GIVEN DATA:
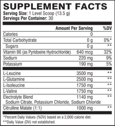 L-Leucina, L-Glutamina, L-isoleucina, L-valina, Mezcla de electrolitos (Citrato de sodio, cloruro de potasio, cloruro de sodio), Malato de citrulina (1: 1), Vitamina B6 (como clorhidrato de piridoxina).
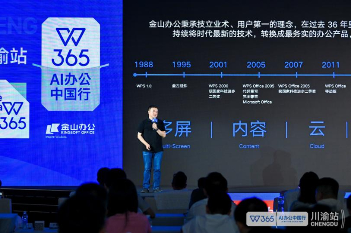 6月20日,金山办公WPS 365 AI办公中国行川渝站在成都举行。金山办公在活动现场介绍了WPS 365打造一站式AI办公的全新技术成果,以及助力川渝地区“数字双圈”建设的实践案例。
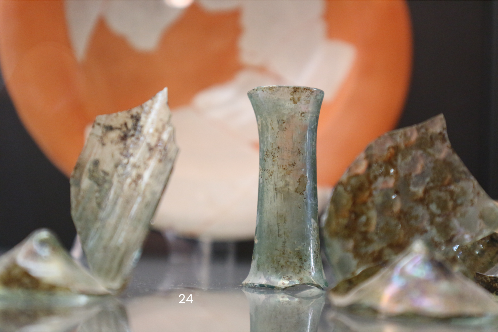 24 Frammenti di recipienti in vetro tra i quali fondi di bicchiere, utilizzati per bere il vino
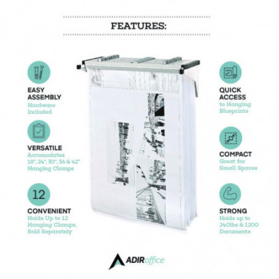 The AdirOffice Drop/Lift Wall Rack provides compact and convenient hanging storage in compact areas where space is limited. Just use hanging paper clamps to clip your blueprints, plan drawings, maps and other large files together, then put them in these handy, wall-mounted brackets to keep them organized and close at hand (clamps sold separately). Expertly constructed using solid steel, this wall rack will provide long-term durability and use for years to come. It boasts a 240-lb weight capacity and can hold up to 1,200 documents at once. It's furnished in a finish that will easily fit into and enhance any existing decor. This storage rack can fit any size paper clamps you choose depending on how far apart you install the brackets. Once the brackets are fixed, only one size clamp will fit. Mounting hardware is included for quick and easy installation on any wall. Due to the weight capacity, it's strongly recommended to attach the unit to wall studs or a solid surface. Once installed, clamps lift out and drop in for easy, convenient access to all of your stored documents, making your workplace efficient, organized and the best it can be.

DIRECTIONS: For this exercise, write the listing out again exactly, excluding all images.

ANSWER TO THE PROBLEM:
 L-Leucina, L-Glutamina, L-isoleucina, L-valina, Mezcla de electrolitos (Citrato de sodio, cloruro de potasio, cloruro de sodio), Malato de citrulina (1: 1), Vitamina B6 (como clorhidrato de piridoxina).
 6月20日,金山办公WPS 365 AI办公中国行川渝站在成都举行。金山办公在活动现场介绍了WPS 365打造一站式AI办公的全新技术成果,以及助力川渝地区“数字双圈”建设的实践案例。
 24 Frammenti di recipienti in vetro tra i quali fondi di bicchiere, utilizzati per bere il vino
 The AdirOffice Drop/Lift Wall Rack provides compact and convenient hanging storage in compact areas where space is limited. Just use hanging paper clamps to clip your blueprints, plan drawings, maps and other large files together, then put them in these handy, wall-mounted brackets to keep them organized and close at hand (clamps sold separately). Expertly constructed using solid steel, this wall rack will provide long-term durability and use for years to come. It boasts a 240-lb weight capacity and can hold up to 1,200 documents at once. It's furnished in a finish that will easily fit into and enhance any existing decor. This storage rack can fit any size paper clamps you choose depending on how far apart you install the brackets. Once the brackets are fixed, only one size clamp will fit. Mounting hardware is included for quick and easy installation on any wall. Due to the weight capacity, it's strongly recommended to attach the unit to wall studs or a solid surface. Once installed, clamps lift out and drop in for easy, convenient access to all of your stored documents, making your workplace efficient, organized and the best it can be.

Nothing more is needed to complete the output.